Gwendolyn Westbrook, the CEO of UCHS, refused to answer questions by phone Monday on whether her organization was still in good standing as a nonprofit.
“Look it up,” she said before abruptly hanging up.
UCHS has received $28 million in grants to manage shelters and housing that include: Hope House Consolidated, Hope House for Veterans, the Bayview Drop-in Resource Center, Jennings Safe Sleeping Village and a shelter-in-place site at Pier 94.
DA spokesperson Randy Quezada said the agency is “declining to comment on current or potential investigations,” while an FBI official said the bureau was reviewing records related to the criminal investigation referral.
UCHS ran into trouble in April, when its fiscal sponsor of just two months—the Bayview Hunters Point Foundation—alerted the city that it did not feel comfortable working with Westbrook due to missing records and shoddy bookkeeping. HSH officials pleaded with the foundation to stay on until a new fiscal sponsor could be found—Felton Institute took over this work in October—while also asking the City Controller’s Office to launch an investigation into UCHS.
In April, the city stopped asking the federal government for reimbursements over fears that money granted to UCHS might have been misused.
Numerous city officials contacted for this story were dismayed that the city has bent over backwards to keep funding UCHS despite obvious financial issues—the organization also was the subject of a scathing audit back in 2017.
“You can't keep burying your heads in the sand and saying this is the only people we can do business with,” Supervisor Aaron Peskin said.
In many ways, the warning signs of financial mismanagement should have been obvious if the city had done a cursory review of UCHS tax filings prior to February 2022, when the Bayview Hunters Point Foundation took over as a fiscal sponsor.
The Standard reviewed the UCHS 2019 tax returns—the most recently available documents filed with the IRS—with two experienced tax attorneys in the city. They said the records show a stunning level of “incompetence” and raise “huge red flags.”
Of the $5.6 million in expenses for that year, UCHS reported roughly $2.1 million under the ambiguous designation of “other.” The only detail explaining these “other” expenses was a note about Westbrook promoting her stepdaughter and niece to program director positions.
One of the attorneys also noted a “mysterious” liability for $467,337 that was documented as an adjustment to the year’s beginning budget. Both attorneys agreed that a charge of $10,000 to $20,000 could be explained as an understandable mistake, but a half-million-dollar adjustment would be monumental. UCHS reported an ending net balance of negative $511,000, meaning it was deeply in debt in 2020 as it continued to receive millions from the city.

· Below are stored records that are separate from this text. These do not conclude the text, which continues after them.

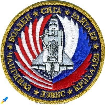 This version of the STS-60 patch features the astronaut names in Cyrillic lettering.
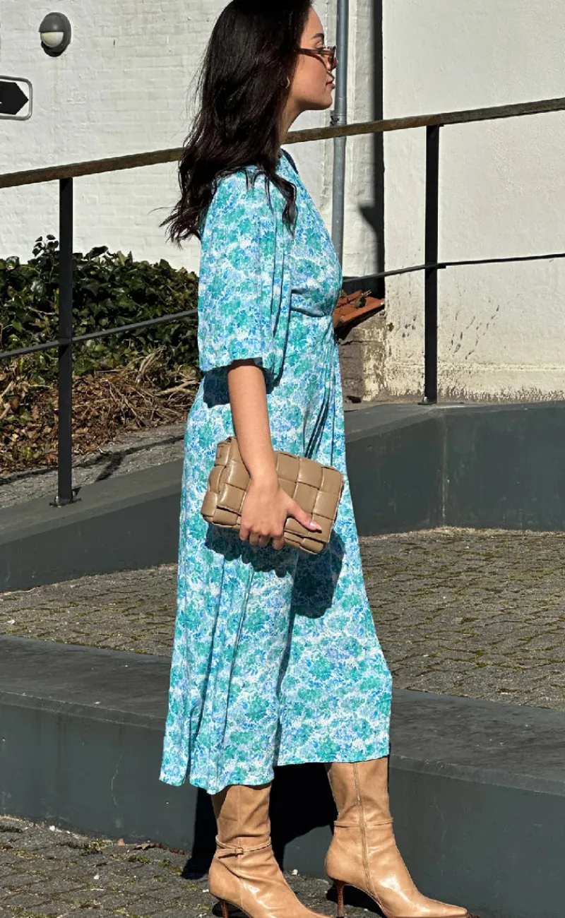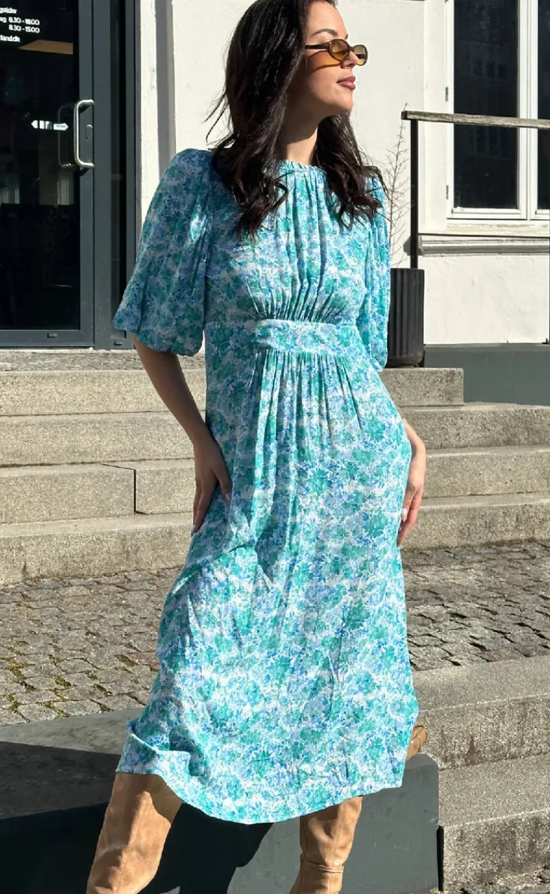 Super yndig kjole fra Noella i et blåt blomsterprint.
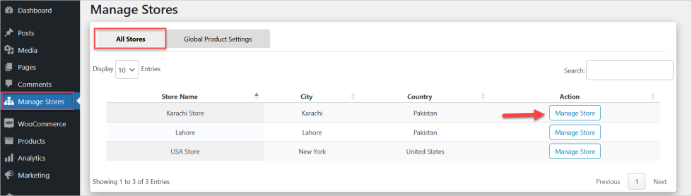↑ Back to topAt the backend, go to Manage Store > All Stores to see all the added stores and click the “Manage Store” button to manage a specific store.
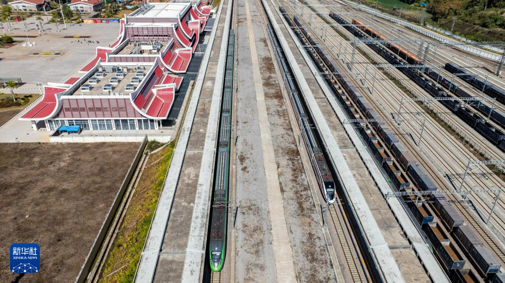 1月14日,D87次中老铁路国际旅客列车(左)和“澜沧号”动车组列车停靠在中老铁路磨憨站(无人机照片)。新华社记者 胡超 摄

“They’re running a professional deficit,” one attorney said, meaning they require timely ongoing funding to make sure they don’t default on their debts.
Additional issues were identified in the math used to account for other expenses.
Despite reporting that it spent nearly $200,000 on accounting fees in 2019, UCHS broke down its percentage of costs for program service, management and fundraising in exact 45-45-10 ratios, respectively, across the board. This exact split was recorded for salaries and wages, payroll taxes, accounting, office expenses and even insurance.
“The insurance—that’s just nonsense,” one attorney said. “None of the insurance [expenses] goes to fundraising.”
Since the audit was released last week, supervisors Ahsha Safaí and Catherine Stefani have called for an inquiry into all nonprofits dealing with homelessness in the city. Voters in November passed Proposition C, which will create its own review mechanisms and a new body to oversee the HSH agency.
Editor's Note: The Attorney General's Office clarified on Wednesday that the United Council of Human Services had its nonprofit status suspended in June, and a full revocation could occur after a year has passed.